Entscheidungsstichwort (Thema)
Vorbefassung
Leitsatz (amtlich)
Ein Richter, der nicht an dem angefochtenen Widerspruchsurteil, sondern lediglich an der vorangegangenen Beschlussverfügung mitgewirkt hat, ist selbst dann nicht gem. § 41 Nr. 6 ZPO kraft Gesetzes von der Ausübung des Richteramts im Berufungsrechtszug ausgeschlossen, wenn das angefochtene Urteil auf die zugrundeliegende einstweilige Verfügung Bezug nimmt.
Normenkette
ZPO § 41 Nr. 6, § 48
Tenor
Es wird festgestellt, dass der Vorsitzende Richter am OLG Gä. bei der Entscheidung des vorliegenden Rechtsstreits nicht kraft Gesetzes von der Ausübung des Richteramtes ausgeschlossen ist.
Gründe
1. Der Vorsitzende Richter am OLG Gä. hat mit Dienstlicher Äußerung vom 28.9.2001 angezeigt, dass er in dem vorliegenden Rechtsstreit als Vorsitzender der Zivilkammer 15 des LG Hamburg bei dem Erlass der einstweiligen Verfügung vom 13.12.1999 mitgewirkt hat, die sodann mit Urteil der Zivilkammer 12 des LG Hamburg am 10.4.2001 – ohne Mitwirkung von VRiOLG Gä. – bestätigt worden ist.

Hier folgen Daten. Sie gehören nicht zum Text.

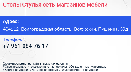 Столы Стулья, сеть магазинов мебели по адресу 404112, Волгоградская область, Волжский, Пушкина, 39д в дальнейшем Организация, размещена в следующих категориях:
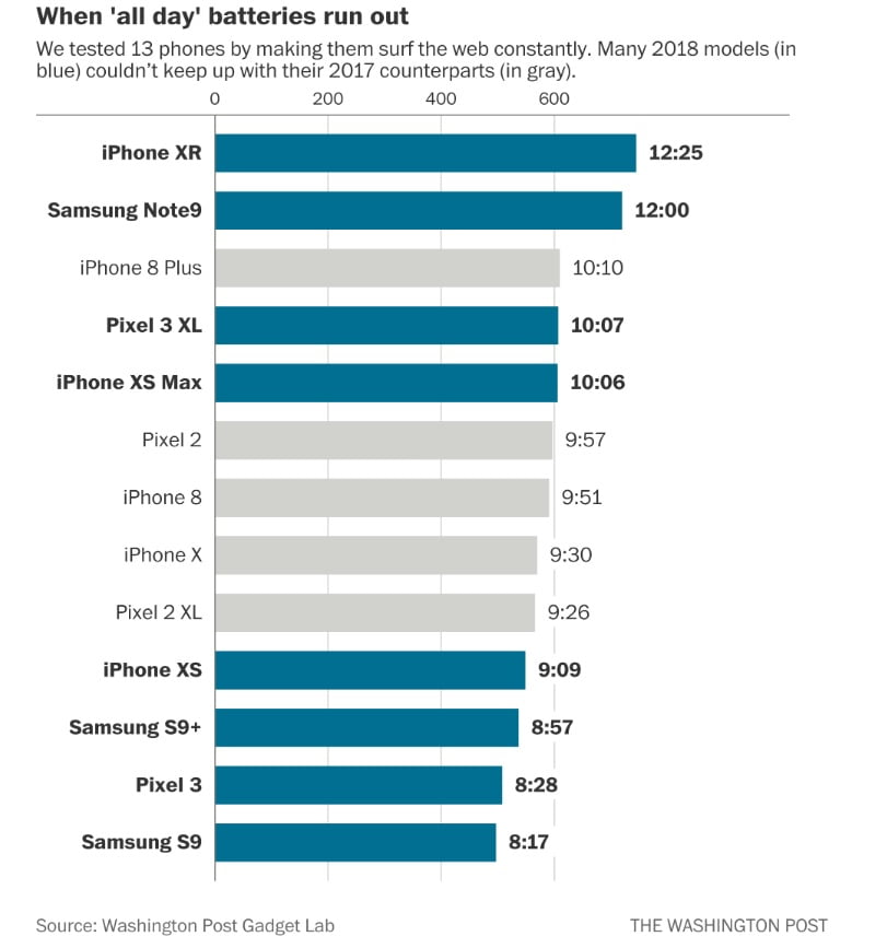 باور بسیاری براینست که گوشیهای هوشمند جدیدتر، باتری بهتری هم خواهند داشت. اما گزارش واشنگتن پست نشان میدهد که در بعضی موارد، باتری دستگاههای قدیمیتر بهتر از نسل جدیدشان عمل میکنند. به عنوان مثال پیکسل 2 و پیکسل 2 XL بهتر از پیکسل 3 گوگل عملکردهاند. هرچند که که با این وجود نتوانستند عملکرد بهتری در مقایسه با پیکسل 3 XL داشته باشند. برای دستگاههای iOS به نظر میرسد که آیفون 8 پلاس عملکرد بهتری از پرچمداران سال 2018، یعنی آیفون XS Max و آیفون XS داشته. البته آیفون XR با اختلاف قابل ملاحظهای بهترین عملکرد را در میان تمام گوشیهای اپل داشته است. گلکسی نوت 9 سامسونگ هم با اختلاف بهترین عملکرد باتری را در میان گوشیهای اندرویدی داشته است.
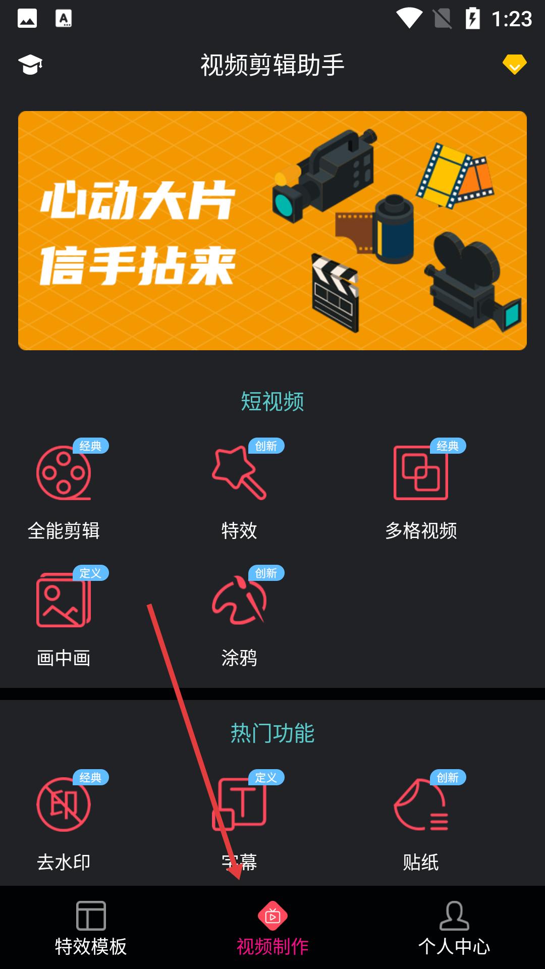 2、切換視頻制作,進入剪輯助手,有短視頻全能剪輯、特效等功能,還有去水印等熱門工具,滿足視頻編輯多樣需求。

Die Parteien hatten Gelegenheit zu der Dienstlichen Äußerung von VRiOLG Gä. Stellung zu nehmen.
2. Aufgrund des angezeigten Sachverhalts ist VRiOLG Gä. nicht kraft Gesetzes, insbesondere nicht in entsprechender Anwendung von § 41 Nr. 6 ZPO von der Ausübung des Richteramts in dem zur Entscheidung stehenden Rechtsstreit ausgeschlossen.

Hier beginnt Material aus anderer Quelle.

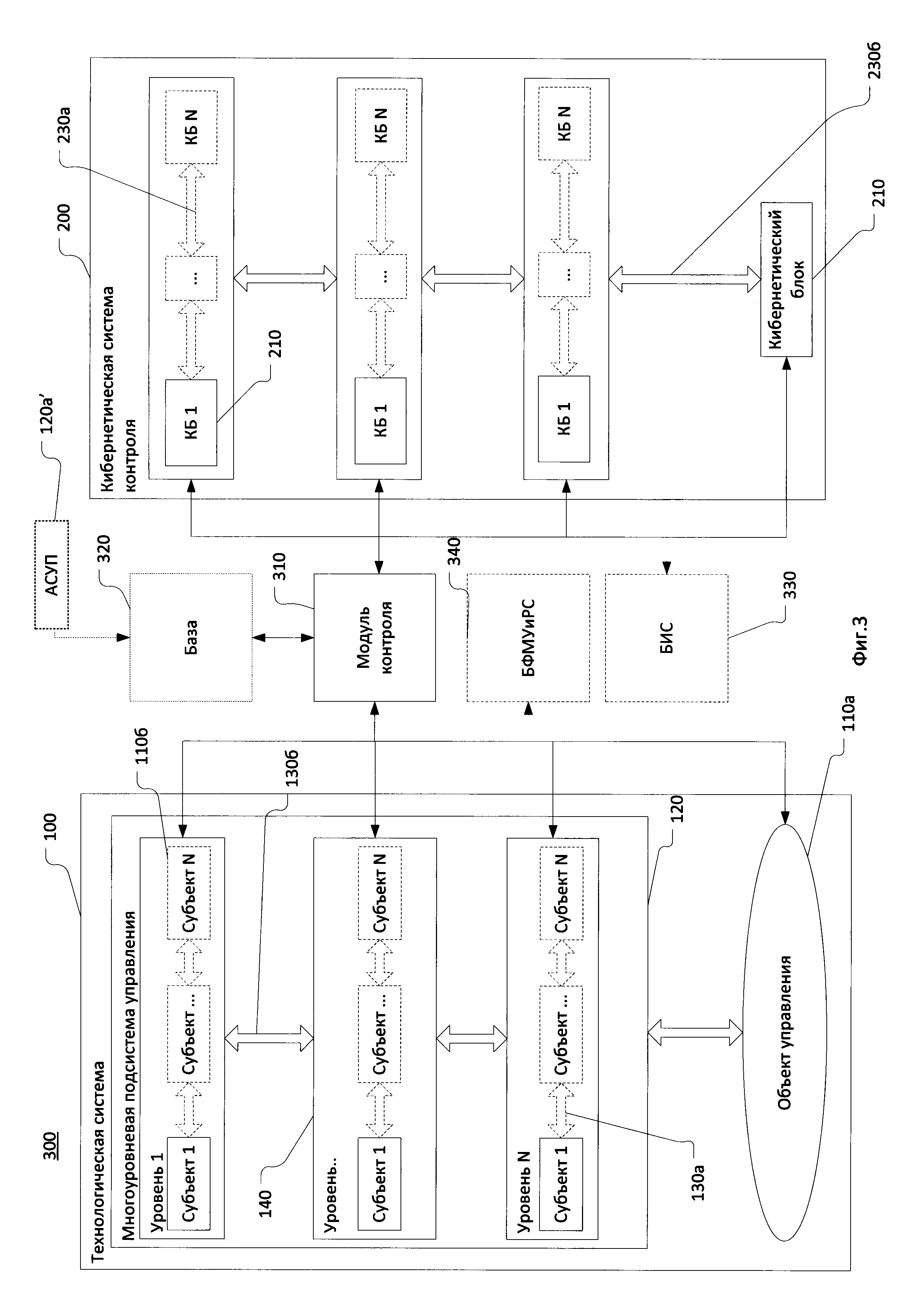 1. Система признания идеального состояния технологической системы, определенного кибернетической системой, ошибкой моделирования, при реализации управляющих воздействий субъектами управления многоуровневой подсистемы управления технологической системы на объект управления содержит: а) технологическую систему, реализующую через изменение состояний субъектов управления изменение состояния объекта управления, при этом технологическая система представляет функционально взаимосвязанную совокупность элементов: - объекта управления; и - субъектов управления, образующих многоуровневую подсистему управления объектом управления; б) кибернетическую систему контроля, состоящую из взаимосвязанных кибернетических блоков, где каждый кибернетический блок в отдельности моделирует изменение состояния отдельного элемента технологической системы, при этом взаимосвязь кибернетических блоков в кибернетической системе повторяет взаимосвязь элементов технологической системы, изменение состояния которых блоки моделируют, предназначенной для: - определения идеального состояния технологической системы и ее элементов для момента времени путем моделирования; - определения идеального состояния элементов технологической системы путем моделирования при заданном состоянии одного из элементов технологической системы; в) модуль контроля, связанный с технологической системой и с кибернетической системой контроля, предназначенный для: - получения реального состояния технологической системы и ее элементов в произвольный момент времени, где реальное состояние технологической системы определяется совокупностью состояний ее элементов; - инициализации кибернетической системы контроля путем синхронизации кибернетической системы контроля с технологической системой по времени или по состоянию одного из элементов технологической системы; - сравнения полученного реального состояния технологической системы и ее элементов с идеальным состоянием технологической системы и ее элементов, определенным кибернетической системой контроля; - обнаружения в результате сравнения отклонения реального состояния технологической системы от идеального состояния определенного кибернетической системой контроля; - проверки целостности функциональной взаимосвязи состояний элементов технологической системы, где сравнивают идеальное состояние субъектов управления технологической системы, определенное кибернетической системой при заданном состоянии объекта управления, с реальным состоянием субъектов управления технологической системы при том же состоянии объекта управления; - признания идеального состояния технологической системы, определенного кибернетической системой для момента времени, ошибкой моделирования на основании подтвержденной сохраненной функциональной взаимосвязи элементов технологической системы. 2. Система по п.1, в которой кибернетическая система предназначена для определения, при заданном состоянии объекта управления, идеального состояния субъектов управления. 3. Система по п.1, в которой кибернетическая система предназначена для определения, при заданном состоянии субъекта управления, идеального состояния других субъектов управления и объекта управления. 4. Система по п.1, в которой изменение состояния

a) Im Hinblick auf die Dienstliche Äußerung von VRiOLG Gä. hat der Senat über die Frage des Ausschlusses durch Beschluss zu entscheiden, denn aufgrund der angezeigten Umstände und der insoweit unterschiedlichen Beurteilung in der obergerichtlichen Rechtsprechung bestehen zumindest i.S.v. § 48 ZPO „aus anderer Veranlassung Zweifel” darüber, ob ein Ausschlussgrund kraft Gesetzes vorliegt.
b) Ein Ausschlusstatbestand besteht jedoch weder in unmittelbarer noch in entsprechender Anwendung von § 41 Nr. 6 ZPO. Andere Ausschließungsgründe sind ebenfalls nicht ersichtlich.

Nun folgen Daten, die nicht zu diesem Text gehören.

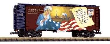 The Betsy Ross Reefer is the first design in our new American Traditions series, weaving together many significant icons of American history, culture, and traditions- things which have contributed to our society and heritage. We have spared no expense in commissioning completely original fine artwork, vividly preproduced on the car as only PIKO can bring you. ÂÂÂ
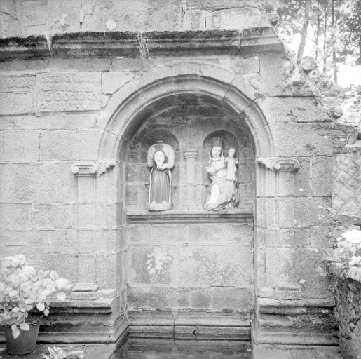 Fontaine principale, arcade de droite, statues de sainte Noyale et de la Vierge à l'EnfantImmatriculation
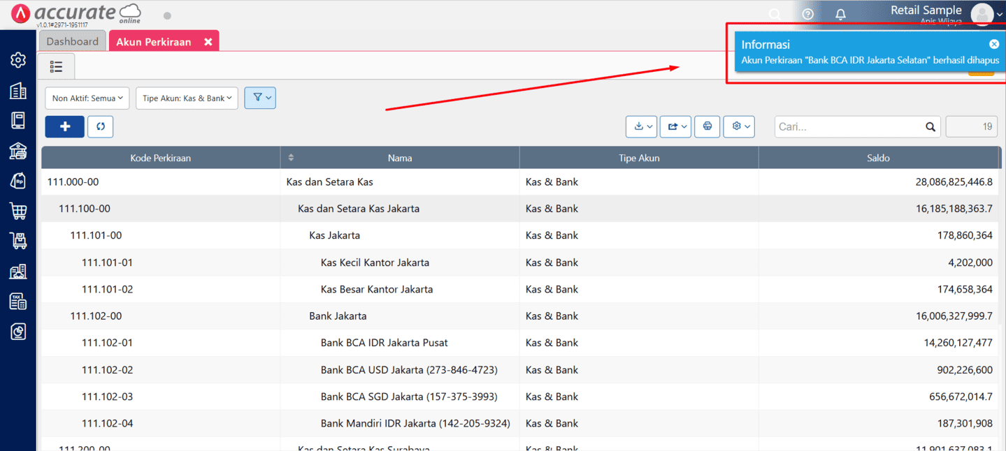 Alternatif Menonaktifkan: Jika Anda tidak yakin untuk menghapus akun secara permanen, pertimbangkan untuk menonaktifkan akun tersebut. Dengan menonaktifkan, Anda dapat menjaga data tanpa menampilkannya dalam laporan keuangan.
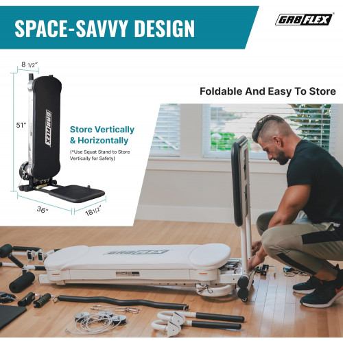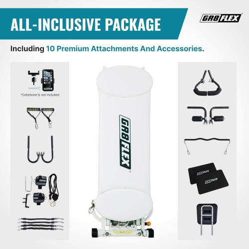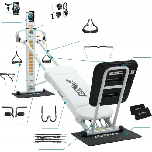 - Todos los accesorios y kits incluidos son: barra de ala, barras de sujeción, arnés de pierna/sistema de polea, soporte de teléfono móvil/soporte, barra de rizo, accesorio de crunch ab, asas de agarre suave, soporte extra grande, bandas de resistencia, y alfombrillas para proteger la alfombrilla/suelo.

aa) Eine unmittelbare Anwendung von § 41 Nr. 6 ZPO scheidet schon deshalb aus, weil VRiOLG Gä. nicht „in einem früheren Rechtszug” an der „angefochtenen Entscheidung” mitgewirkt hat. Hiermit ist nach dem Wortlaut der Vorschrift für den vorliegenden Rechtsstreit ausschließlich das instanzabschließende Urteil der Zivilkammer 12 vom 10.4.2001 gemeint, an dem VRiOLG Gä. nicht beteiligt war.
bb) Eine über den Wortlaut hinausgehende entsprechende Anwendung von § 41 Nr. 6 ZPO auf solche Fälle, in denen der in zweiter Instanz mit dem Rechtsstreit befasste Richter zwar nicht an der unmittelbar angefochtenen, aber einer dieser vorangegangenen Entscheidung mitgewirkt hat, kommt nach Auffassung des Senats entgegen der wohl überwiegenden Meinung in der Rechtsliteratur nicht in Betracht.
(1) In diesem Sinne hatte allerdings bereits im Jahr 1968 das OLG München (NJW 1969, 754) entschieden und dabei der Bestimmung des § 41 Nr. 6 ZPO den Willen des Gesetzgebers entnommen, einen Richter in späteren Rechtszügen stets dann von der Ausübung des Richteramtes fernzuhalten, wenn er in einer anderen Instanz über die Rechtmäßigkeit der früheren Entscheidung zu befinden hätte. Dies hat das OLG München für eine der vorliegenden Situation vergleichbare Sachlage mit der Begründung bejaht, materiell gehe es um die Frage, ob das Widerspruchsgericht die einstweilige Verfügung zu Recht bestätigt bzw. aufgehoben habe. Dieser Auffassung haben sich im Ergebnis – allerdings weitgehend ohne Begründung – die Mehrzahl der Kommentatoren der Zivilprozessordnung angeschlossen (z.B. Zöller/Vollkommer, 22. Aufl., § 41 Rz. 13; Thomas-Putzo, 23. Aufl., § 41 Rz. 7, Baumbach/Lauterbach/Albers/Hartmann, 59. Aufl., § 41 Rz. 15; Stein-Jonas, 21. Aufl., § 41 Rz. 18).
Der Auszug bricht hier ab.